Advertisement

Some in GOP split with Bush on Iraq

The Nation

May 03, 2007|Noam N. Levey and Janet Hook, Times Staff Writers

WASHINGTON — Distressed by the violence in Iraq and worried about tying their political fate to an unpopular president, some Republicans on Capitol Hill are beginning to move away from the White House to stake out a more critical position on the U.S. role in the war.

These lawmakers are advocating proposals that would tie the U.S. commitment in the war to the Iraqi government's ability to demonstrate that it is working to quell the sectarian conflict.


Advertisement

As Democrats start work on a new war spending bill to replace the one President Bush vetoed, at least three Republican senators who opposed the Democratic withdrawal plan said Wednesday that the new bill should include so-called benchmarks for the Iraqi government to meet.

"Obviously, the president would prefer a straight funding bill with no benchmarks, no conditions, no reports," said Sen. Susan Collins (R-Maine). "Many of us, on both sides of the aisle, don't see that as viable."

Collins, who opposed Bush's troop buildup but balked at the Democratic withdrawal plan, is working on legislation that would require Iraqis to meet certain goals to receive U.S. reconstruction aid.
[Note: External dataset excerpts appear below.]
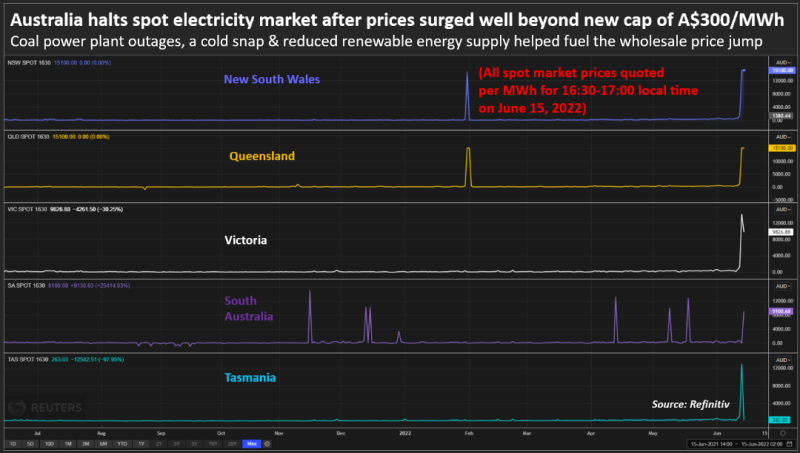 此前的6月15日,AEMO發(fā)布公告,從澳大利亞東部標準時間14:05起暫停澳洲東部的電力現(xiàn)貨市場,采取臨時價格機制出清,并對停運期間進入市場的合格發(fā)電商實行補償。這是澳大利亞首次暫停電力現(xiàn)貨市場運行,事件引發(fā)業(yè)界熱議。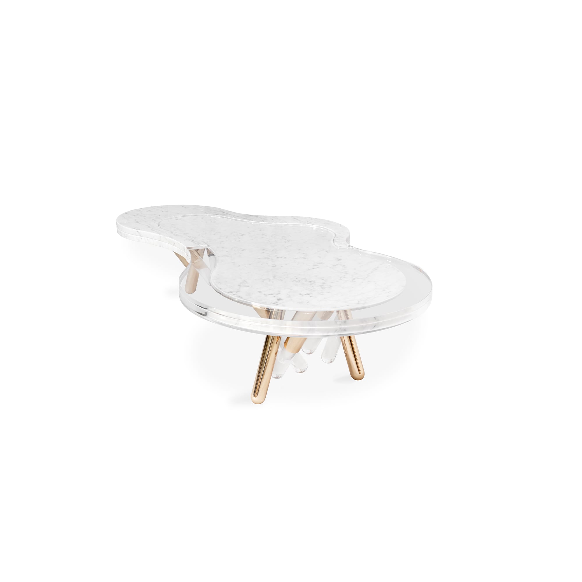 The standard version pairs a Marble I and acrylic top with legs in acrylic and plated stainless steel. Plated stainless steel details finish the piece with a subtle, polished note. The mix is intentional: transparent elements reduce visual bulk, and the stone does the grounding.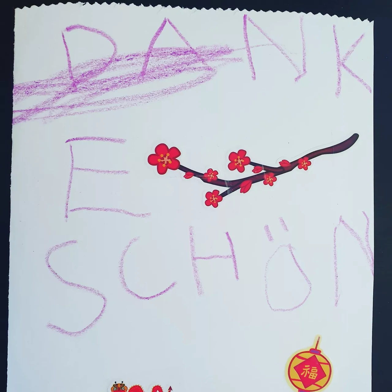 아이가 곧 그만 두는 독어 선생님에게 쓴 감사 카드. 이걸 쓰게 한다고 윽박지르는 나쁜 엄마였다가, 알파벳 하나만 맞춰도 잘 한다고 호들갑 떠는 좋은 엄마였다가 이랬다 저랬다...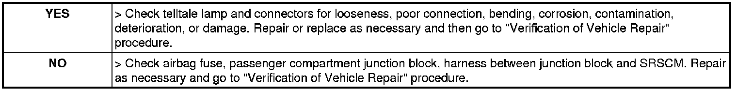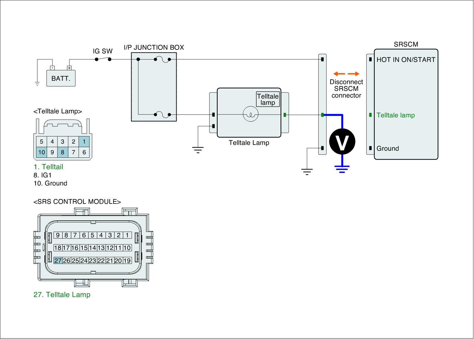 5. Measure voltage between Telltale lamp terminal of the SRSCM harness connector and chassis ground.

Most Republicans are expected to stick with the White House until September, when the U.S. military commander in Iraq plans to deliver a major assessment of the president's war strategy. Bush in January ordered the deployment of an additional 21,500 troops to try to stabilize Iraq.

But the call for establishing benchmarks with concrete consequences challenges the position of the president and GOP leaders, much as the Democrats did when they tried to link the same measurements with a troop withdrawal.
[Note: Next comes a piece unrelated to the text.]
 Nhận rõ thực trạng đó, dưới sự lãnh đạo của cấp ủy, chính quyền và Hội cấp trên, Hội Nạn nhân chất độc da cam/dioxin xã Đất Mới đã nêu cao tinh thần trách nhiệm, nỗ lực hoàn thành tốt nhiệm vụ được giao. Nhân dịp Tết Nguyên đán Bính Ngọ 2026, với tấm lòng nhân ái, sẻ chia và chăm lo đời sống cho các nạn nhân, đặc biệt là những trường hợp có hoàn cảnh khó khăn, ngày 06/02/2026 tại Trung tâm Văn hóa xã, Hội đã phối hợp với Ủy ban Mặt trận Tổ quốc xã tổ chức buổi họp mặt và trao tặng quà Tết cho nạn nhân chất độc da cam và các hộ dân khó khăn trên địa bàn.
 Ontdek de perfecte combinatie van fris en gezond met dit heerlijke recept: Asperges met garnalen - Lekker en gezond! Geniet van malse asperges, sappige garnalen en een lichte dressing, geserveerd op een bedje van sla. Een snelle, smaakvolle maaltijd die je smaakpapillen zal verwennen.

And it comes as some Republicans are calling on colleagues to take a more independent position on the war after years of deferring to the White House.

"We have to be engaged developing our own proposals and not just going along with what the executive branch is doing," said Rep. Charles Boustany Jr., a Louisiana Republican who voted against the Democratic plan to force Bush to start withdrawing troops.
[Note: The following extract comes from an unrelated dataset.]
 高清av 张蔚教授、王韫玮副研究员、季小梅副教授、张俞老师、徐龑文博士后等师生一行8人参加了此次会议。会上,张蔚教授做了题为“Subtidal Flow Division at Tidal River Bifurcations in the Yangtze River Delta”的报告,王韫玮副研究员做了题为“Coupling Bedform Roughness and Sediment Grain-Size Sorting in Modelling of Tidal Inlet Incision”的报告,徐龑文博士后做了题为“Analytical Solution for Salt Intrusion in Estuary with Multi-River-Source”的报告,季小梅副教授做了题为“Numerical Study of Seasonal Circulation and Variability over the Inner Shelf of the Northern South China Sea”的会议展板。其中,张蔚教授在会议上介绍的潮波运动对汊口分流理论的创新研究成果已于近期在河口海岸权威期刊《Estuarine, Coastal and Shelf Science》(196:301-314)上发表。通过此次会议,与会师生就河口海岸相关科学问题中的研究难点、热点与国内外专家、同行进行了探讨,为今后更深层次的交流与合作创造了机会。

Rep. Jack Kingston, a Georgia Republican who has supported Bush's war strategy even as the public has turned against it, said, "The marketplace has become ripe for a new idea."

GOP leaders in the House and Senate continue to criticize the Democratic drive to force an end to the 4-year-old war. Senior Republicans have not embraced any proposals that would put them at odds with the White House, which has consistently declined to articulate any consequences for the Iraqis if they failed to meet the benchmarks.